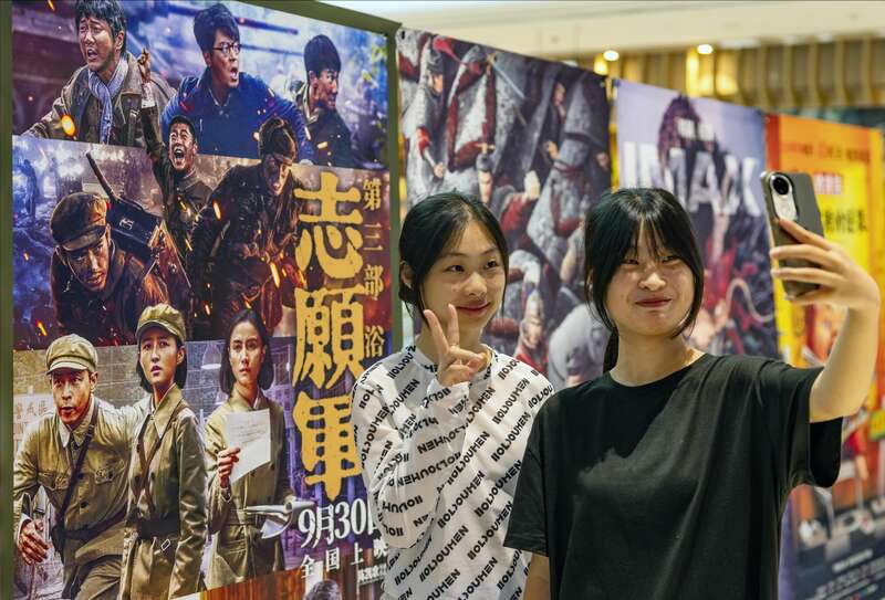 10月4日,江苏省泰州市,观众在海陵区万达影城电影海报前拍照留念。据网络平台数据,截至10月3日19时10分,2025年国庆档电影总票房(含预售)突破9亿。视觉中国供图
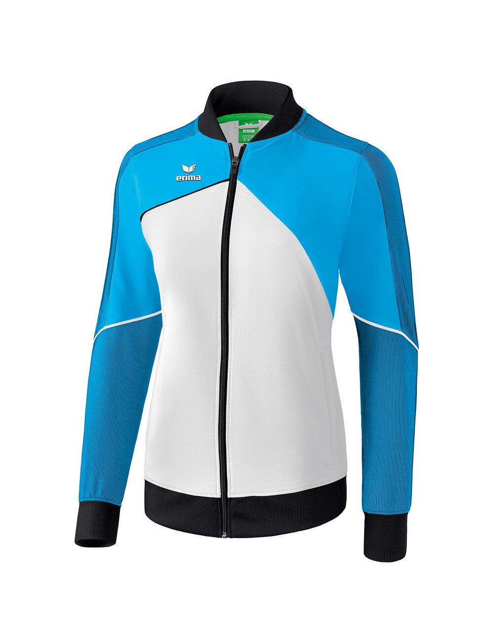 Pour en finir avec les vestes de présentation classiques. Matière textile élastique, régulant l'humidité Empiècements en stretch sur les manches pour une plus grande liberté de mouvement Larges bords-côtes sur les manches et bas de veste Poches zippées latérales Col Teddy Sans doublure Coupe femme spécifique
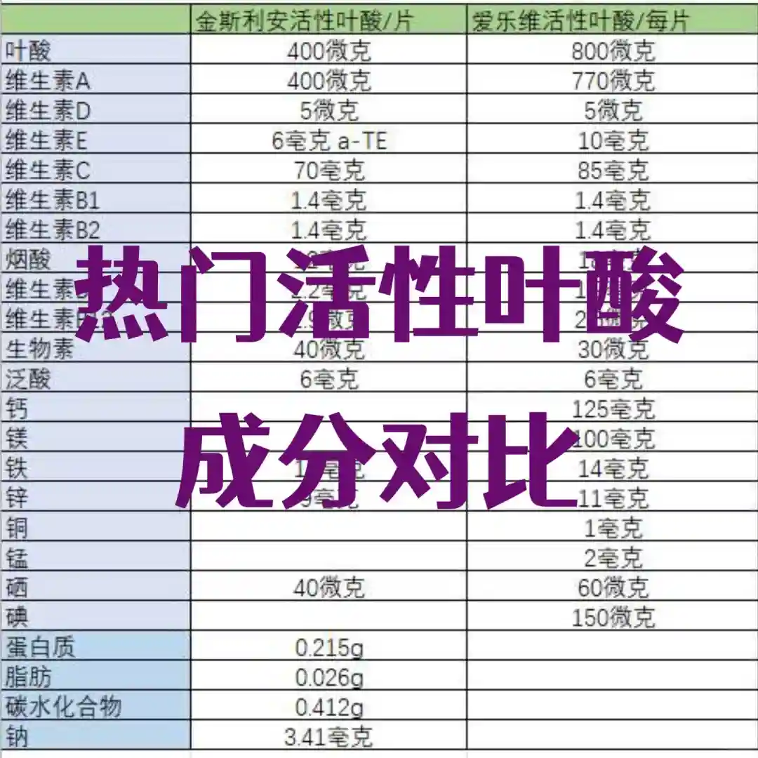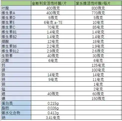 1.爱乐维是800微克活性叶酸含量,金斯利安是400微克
◆ ◆ ◆ ◆ ◆ ◆ ◆
Your instructions | Output the complete listing exactly as it appears, except for the images.

Solution to this exercise |
 10月4日,江苏省泰州市,观众在海陵区万达影城电影海报前拍照留念。据网络平台数据,截至10月3日19时10分,2025年国庆档电影总票房(含预售)突破9亿。视觉中国供图
 Pour en finir avec les vestes de présentation classiques. Matière textile élastique, régulant l'humidité Empiècements en stretch sur les manches pour une plus grande liberté de mouvement Larges bords-côtes sur les manches et bas de veste Poches zippées latérales Col Teddy Sans doublure Coupe femme spécifique
 1.爱乐维是800微克活性叶酸含量,金斯利安是400微克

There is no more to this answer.